Kitobni o'qish: «Запоздалое признание»
Shrift:
© Г. Зельдович
© Издательство «Водолей»
Роза
Он пурпурные маки
Бросил в дорожной пыли.
Сон я – где были знаки —
Вспомнить уже не в силе.
Были уста – твоими?
Моими ли – ладони?
Месяц вверху – все зримей,
Сад пустой – все бездонней.
Дни – тягучей обоза,
Ночью – в озере таю…
Когда цветешь ты, роза?
«Вовсе не зацветаю…»
«Вовсе не зацветаю…»
Ты ли мне молвишь, роза?
Слово жадно хватаю,
Дни – тягучей обоза…
Глухонемая
Есть в деревне у нас эта странная девка —
Не умеет сказать, не умеет услышать,
А в очах – небеса и лихая запевка.
Забрела к нам в село, как безродная пришать.

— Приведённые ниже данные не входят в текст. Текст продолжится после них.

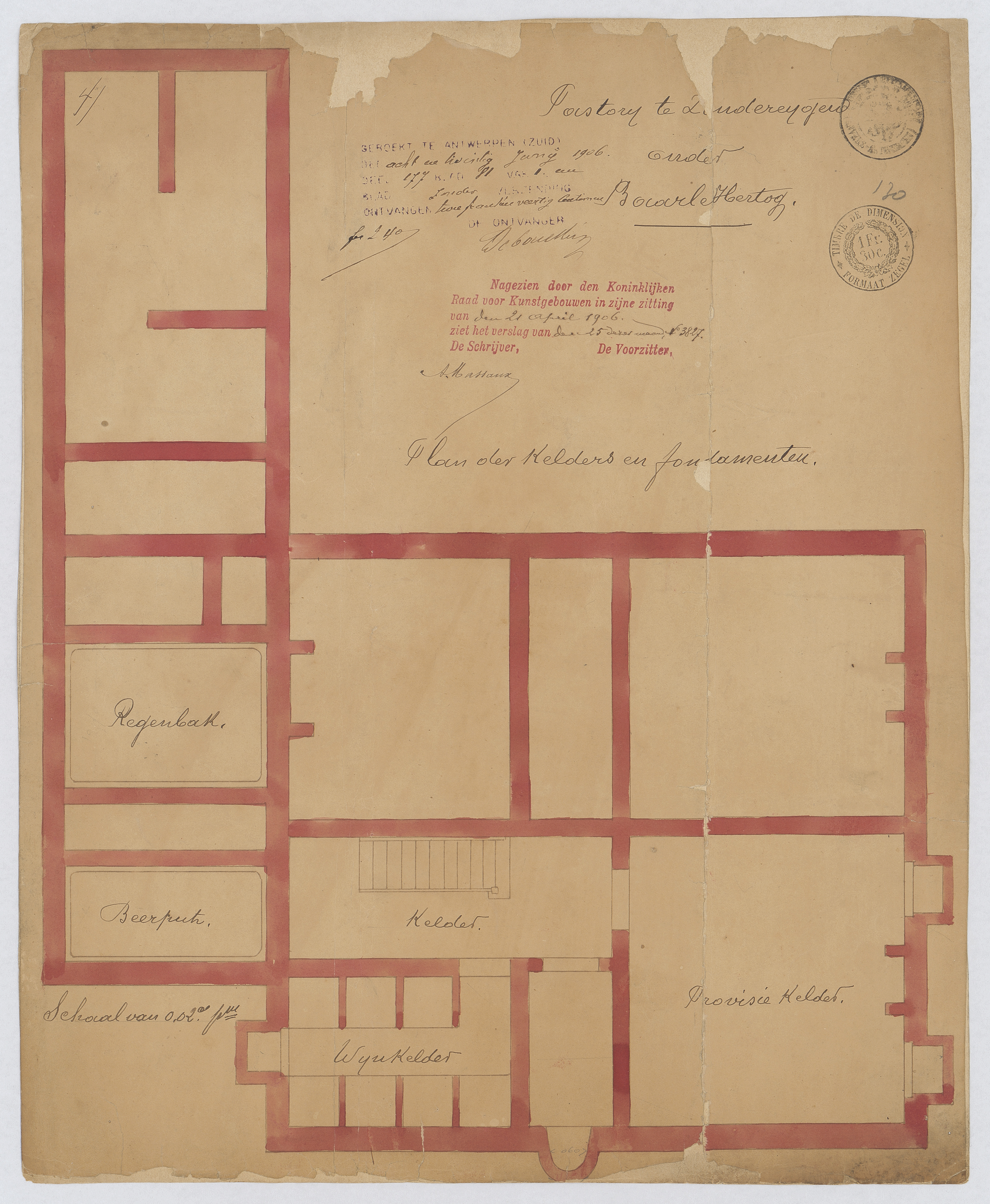 Opschrift: Pastorij te Zondereygen onder Baarle-Hertog. Omschrijving plan: plattegrond niveau -1 Datum KCML: 21/04/1906 Archiefnummer: A0483

Я не ведал, как звать, – и кому она снится:
Из таких из людей, что лишь смерть позовет их;
Если б я был той смертью, нашел был в немотах
Ту струну, на которой – Господня десница.

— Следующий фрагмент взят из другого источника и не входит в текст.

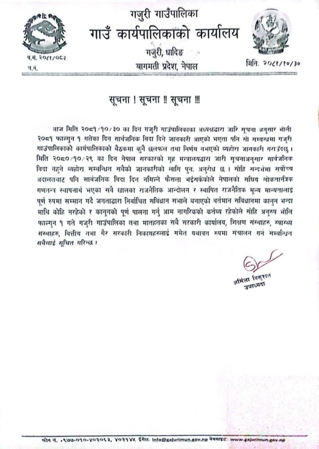 अध्यक्ष श्रेष्ठले बिदाको सूचना सार्वजनिक गरे लगत्तै उपाध्यक्ष शर्मिला बिसुरालले गाउँ कार्यपालिकाको बैठकले सोसम्बन्धी कुनै निर्णय नगरेको भन्दै फागुन १ गते सार्वजनिक बिदा नभएको सूचना प्रकाशित गरेकी छन् ।

И казалось – когда б средь веков златоперых
Ей во грудь земляным я ударил бы комом,
Отголосок в долинах катился бы грёмом,
Тормоша лебедей на сонливых озерах!
Есть в деревне у нас очень бледная речка.

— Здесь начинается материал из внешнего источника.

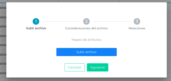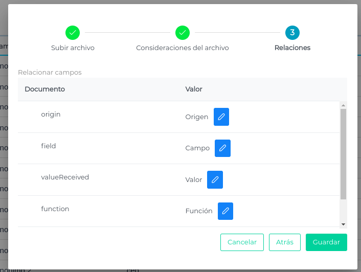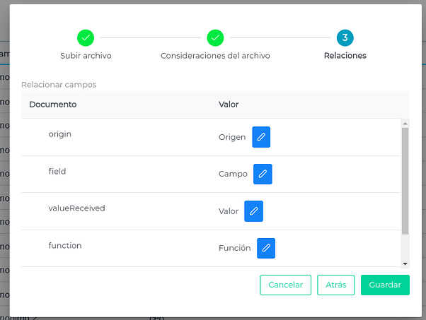 Importar: para importar un excel con las columnas función y sinónimos completas, debe validar que las columnas sean las mismas, esta pantalla es la misma que la utilizada para mapeo dinámico, para más información consulte el manual de usuario de deals.
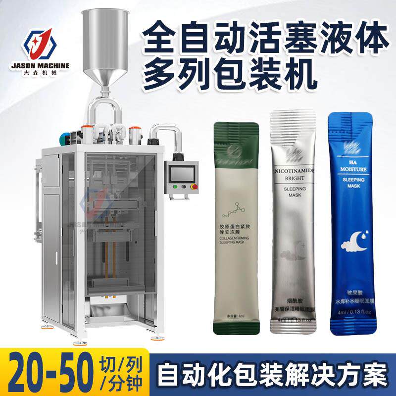 活塞泵液体多列包装机背封圆角条袋面膜精华霜乳液护肤品包装机
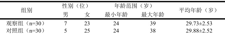 将我院于 2024 年3 月至 2026 年 3 月的 60 位临床护理专业护士,随机分为观察组、对照组,各30 位。两组护士临床资料如表1 所示:

Возле речки столкнулся с рыбачившим дедом
И, спросив, как зовется, услышал словечко:
«Не зовется никак то, чей путь нам неведом!
Называли – Тикуша, порою – Могила;
Называли Далекой и кликали Близкой;
А поживши, я знаю, что, сколько ни рыскай,
Все, что ищешь, дремота давно поглотила!..»
И бывают в деревне вечерние зори,
Когда мир превращается в сон о сновидце
И рождаются в душах багровые мори,
Вместе с памятью всех не сумевших явиться.
И однажды под вечер глухая-немая —
И с душою не больше соловьего тельца, —
Словно лира, которой не дали владельца,
Шла к бегучей водице, чему-то внимая.
И стояла, как будто бы кто-то покликал,
И косу, будто бредень, спускала в глубины,
И хотела поймать этот сон голубиный,
Что ее голоском – под водою курлыкал!
И вода для смелячки была как зерцало,
И свой образ линялый мечтался – уловом,
И надеялась – он, обладающий словом,
Нам поведает все, что она не сказала!
И тряхнулась она. И своей позолочью
Притемненная вечность светла без исходу…
Не своя и ничья, между светом и ночью
Безымянно глядит в безымянную воду…
У моря
Рыбаки, оробев перед бурей грядущей,
И понявши все то, что понятно на свете,
Вперекор глубине – бездоходные сети
Распинают шатром над иссохшею пущей.
«Только олух живет недопевком прилива,
Богатеет сбогата, нищеет изнища;
Ну а мы понимаем, что жизнь двуречива,
Мы умеем из неводов – делать жилища!
Бесполезен шатер! Но над миром стожалым
Его грива развеяна так долгополо,
Что тоскливому веку не будет измола!» —
Поясняет бахвал молчаливым бахвалам…
Отрекшись от себя, отрекшись от былого,
Из своей чужедальности в тутошность вчужен
Каждый прежний ловец золотого улова,
И ныряльщик во тьму, и покрадчик жемчужин!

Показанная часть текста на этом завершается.